MAHASISWA PMI UIN AR-RANIRY TERLIBAT AKTIF DALAM PENYUSUNAN POLICY BRIEF DAN ADVOKASI SUARA PEREMPUAN PADA MUSRENBANG ACEH 2026
  • Jelajahi

    Best Viral Premium Blogger Templates

    Kode IT


    terkini

    MAHASISWA PMI UIN AR-RANIRY TERLIBAT AKTIF DALAM PENYUSUNAN POLICY BRIEF DAN ADVOKASI SUARA PEREMPUAN PADA MUSRENBANG ACEH 2026

    Dimas ( Redaksi )
    27 April 2026, 4/27/2026 02:19:00 PM WIB Last Updated 2026-04-27T07:19:58Z

     



    Banda Aceh_Harian-RI.com

    Mahasiswa Program Studi Pengembangan Masyarakat Islam (PMI) UIN Ar-Raniry turut berkontribusi aktif dalam proses penyusunan policy brief bertajuk “Suara Perempuan untuk RKPA 2027”, yang disusun melalui forum diskusi bersama berbagai organisasi perempuan dan simpul Balai Syura Aceh.

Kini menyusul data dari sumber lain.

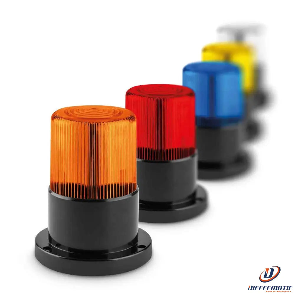 Lampeggiante a LED con lampeggi regolabili da 50 a 100 al minuto, alimentazione 10-30 Vcc. Base in ABS e lenti in VEDRIL, circuito elettronico protetto in resina e contro l'inversione di polarità. Grado di protezione IP 55.

    Keterlibatan mahasiswa PMI terlihat dalam kegiatan “Diskusi Bersama: Suara Perempuan di Musrenbang Aceh 2026” yang dilaksanakan secara daring melalui Zoom pada 22 April 2026. Forum ini menjadi ruang strategis untuk merumuskan berbagai usulan berbasis kebutuhan perempuan yang kemudian diintegrasikan dalam dokumen perencanaan pembangunan daerah.


    Policy brief tersebut tidak hanya menjadi dokumen advokasi, tetapi juga berhasil diserahkan secara langsung kepada Gubernur Aceh pada acara pembukaan Musrenbang RKPA 2027. Penyerahan dilakukan oleh Ketua Presidium Balai Syura Ureung Inong Aceh, Dr. Hj. Rasyidah, M.Ag, yang juga merupakan Ketua Program Studi PMI UIN Ar-Raniry.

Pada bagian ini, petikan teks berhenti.